Learn about a new technology designed overcome management of large global datasets and workflows.

As datasets become increasingly large, with workflows that are increasingly global, management becomes extremely cumbersome very quickly. In this video, learn about a new technology designed to overcome this w/a radical approach to the way files are stored and workflows and policies are deployed across them. If you need to manage petabytes of data, and potentially trillions of files, legacy file systems are not the most efficient way. File systems are familiar and useful but there's a new and better way to manage them.


Mike Matchett:                  Hi. I'm Mike Matchett with Small World Big Data. And I'm here today with Peter Godman, founder and CTO of Qumulo. Qumulo's been a company I've been watching and working with for many years. They're doing some great, interesting things on the performance end of file systems. Welcome, Peter.

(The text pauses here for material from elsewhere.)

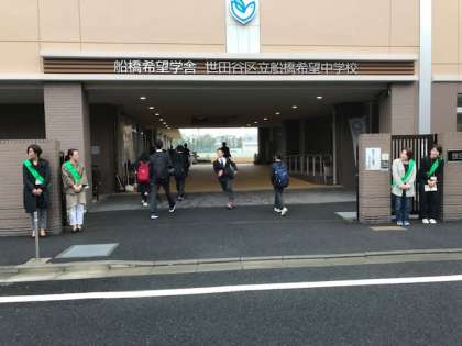 本日6日から3日間、1年4組保護者様による登校時あいさつ運動が行われています。朝早くから、ご協力ありがとうございます。(副校長)
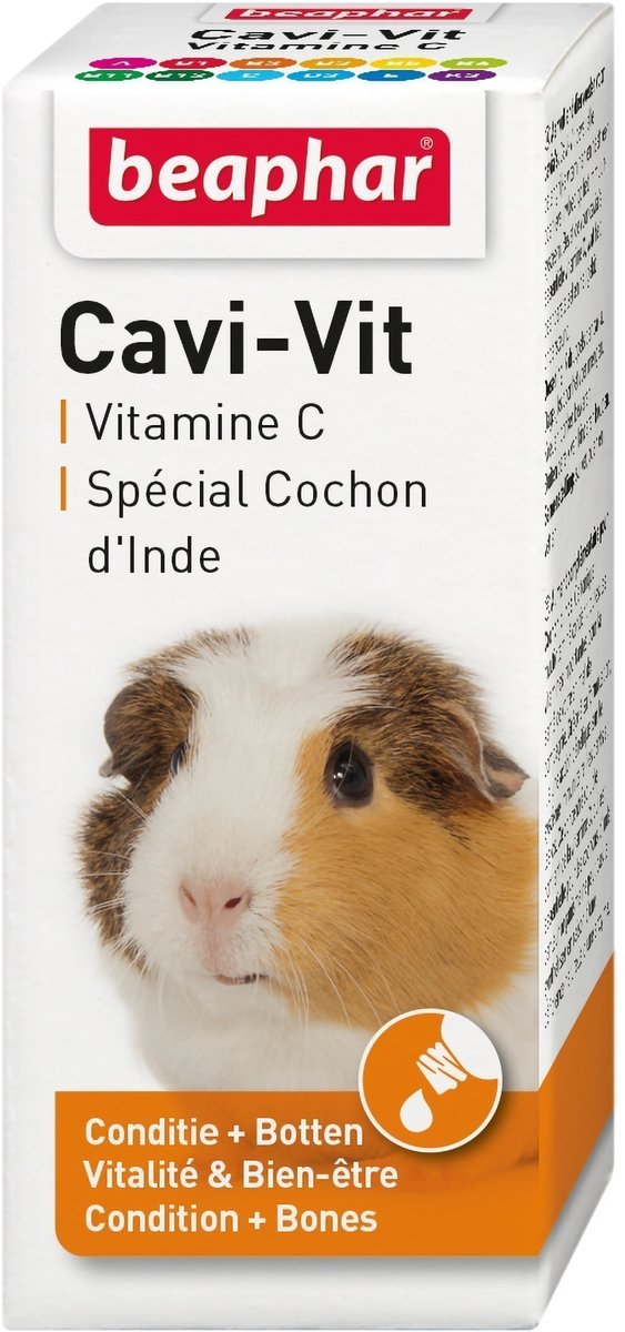 Cavi-Vit is speciaal samengesteld voor cavia's. Het bevat een hoog gehalte aan vitamine C omdat cavia's zelf niet in staat zijn vitamine C aan te maken. Vitamine C is nodig voor de aanmaak van bindweefsel. Zonder vitamine C kan de cavia problemen krijgen met tanden, tandvlees, botten, gewrichten, spieren, etc. Tevens zorgt vitamine C voor een gezonde vacht en huid en het houdt daarnaast de weerstand op peil, waardoor de kans op schurft afneemt.

Peter Godman:                   Well, thank you very much for having me.

Mike Matchett:                  First, just tell me a little bit about what Qumulo did uniquely when you guys came out a couple years ago. What was it you brought to market that really differentiated you from all the other kinds of file storage?


A short history of Qumulo

Peter Godman:                   We founded Qumulo just a little bit more than six years ago, and in March of 2015, we announced our company and product after working away at it for right about three years. And that product was something unusual. It's a scalable file system that, then, we called Qumulo Core, now we refer to as the Qumulo File Fabric. A scalable file system that helped folks not only manage ... sorry, not only store enormous data sets, but also manage them. And we did that by helping them understand what data they had, how it was growing over time, how it was getting used, et cetera. And so, we set out to radically simplify the process of storing and managing huge data sets.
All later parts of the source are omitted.